• [RECORDED INFORMATION]:
+++

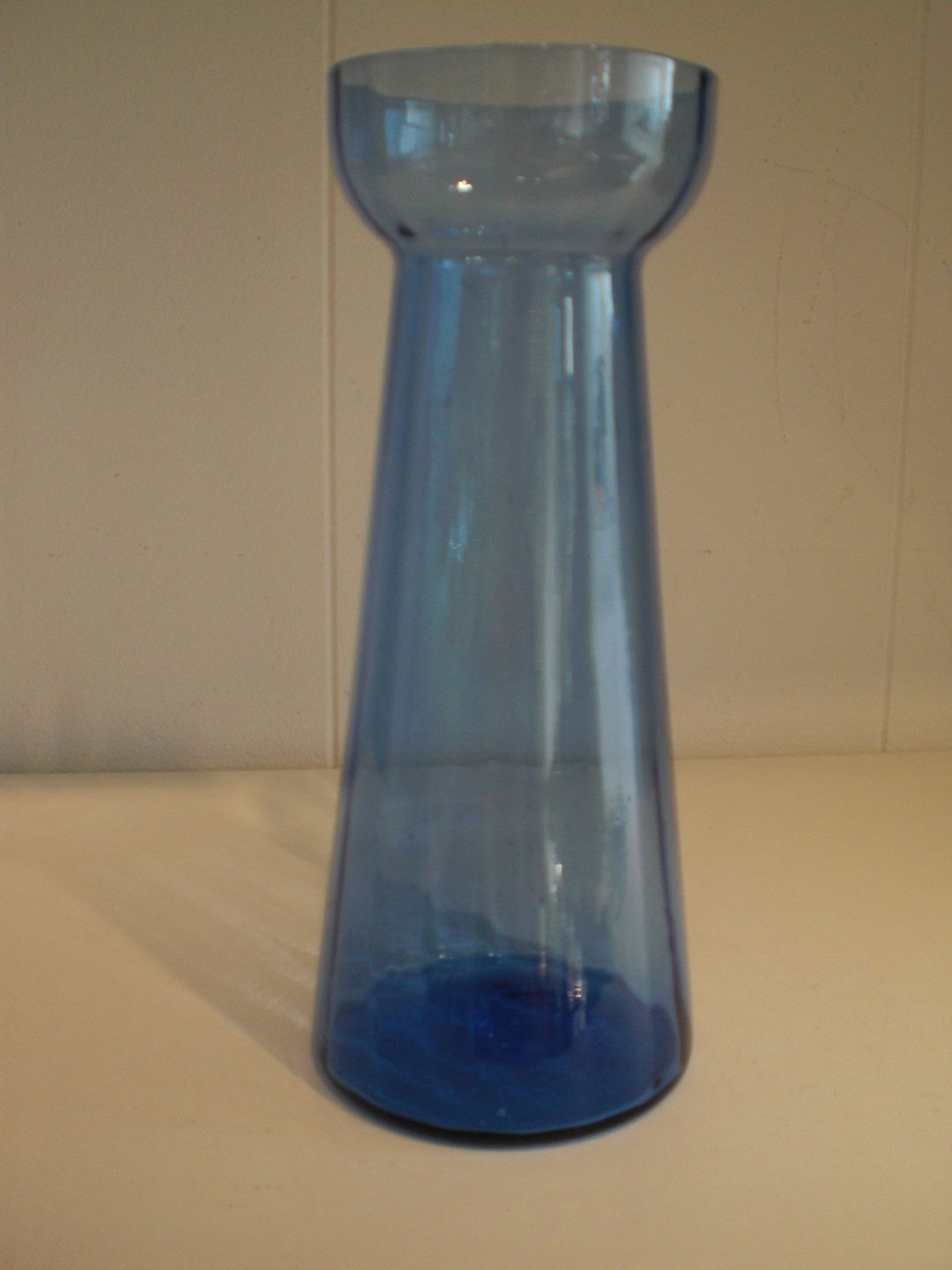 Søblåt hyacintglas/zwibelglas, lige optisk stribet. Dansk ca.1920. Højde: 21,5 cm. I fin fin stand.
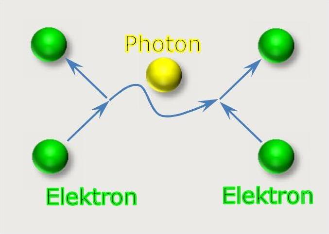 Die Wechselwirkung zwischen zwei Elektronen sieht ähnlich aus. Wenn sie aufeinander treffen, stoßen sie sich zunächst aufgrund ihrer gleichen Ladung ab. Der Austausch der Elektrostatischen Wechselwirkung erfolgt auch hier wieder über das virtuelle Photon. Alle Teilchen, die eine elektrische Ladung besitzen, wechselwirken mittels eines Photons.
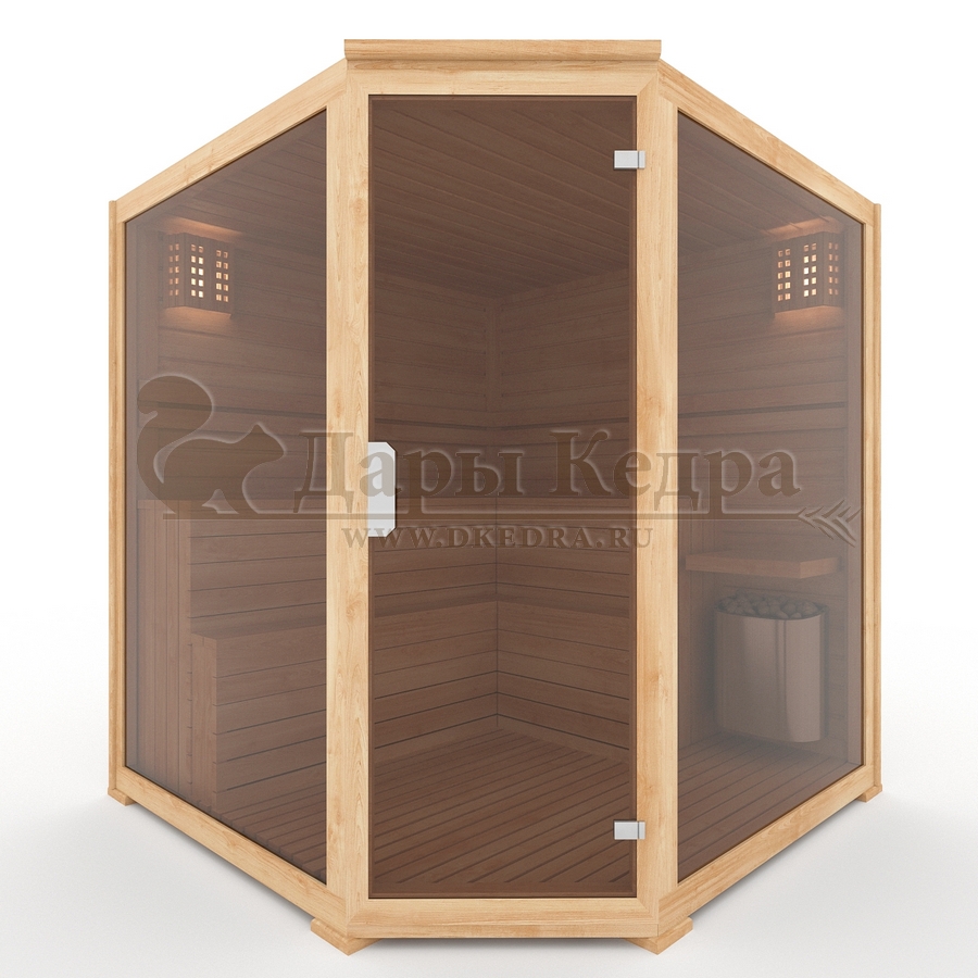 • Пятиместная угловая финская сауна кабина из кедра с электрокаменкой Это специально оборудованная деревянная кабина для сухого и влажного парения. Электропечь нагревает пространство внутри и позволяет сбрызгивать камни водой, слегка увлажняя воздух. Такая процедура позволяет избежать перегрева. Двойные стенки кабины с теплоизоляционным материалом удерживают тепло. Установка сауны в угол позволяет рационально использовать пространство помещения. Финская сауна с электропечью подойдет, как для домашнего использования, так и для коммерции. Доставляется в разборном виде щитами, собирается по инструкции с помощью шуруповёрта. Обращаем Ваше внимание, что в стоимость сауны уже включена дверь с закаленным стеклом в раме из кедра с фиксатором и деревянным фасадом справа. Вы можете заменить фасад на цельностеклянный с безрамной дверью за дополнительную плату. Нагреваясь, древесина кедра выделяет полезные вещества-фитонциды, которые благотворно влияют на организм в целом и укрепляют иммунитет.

+++

• [YOUR OBJECTIVE]: In the answer, give only the lines from the top of the data above through the line with "Die Wechselwirkung zwischen", reproduced exactly; no picture may appear.

• [RESULT FOR THIS TASK]:
 Søblåt hyacintglas/zwibelglas, lige optisk stribet. Dansk ca.1920. Højde: 21,5 cm. I fin fin stand.
 Die Wechselwirkung zwischen zwei Elektronen sieht ähnlich aus. Wenn sie aufeinander treffen, stoßen sie sich zunächst aufgrund ihrer gleichen Ladung ab. Der Austausch der Elektrostatischen Wechselwirkung erfolgt auch hier wieder über das virtuelle Photon. Alle Teilchen, die eine elektrische Ladung besitzen, wechselwirken mittels eines Photons.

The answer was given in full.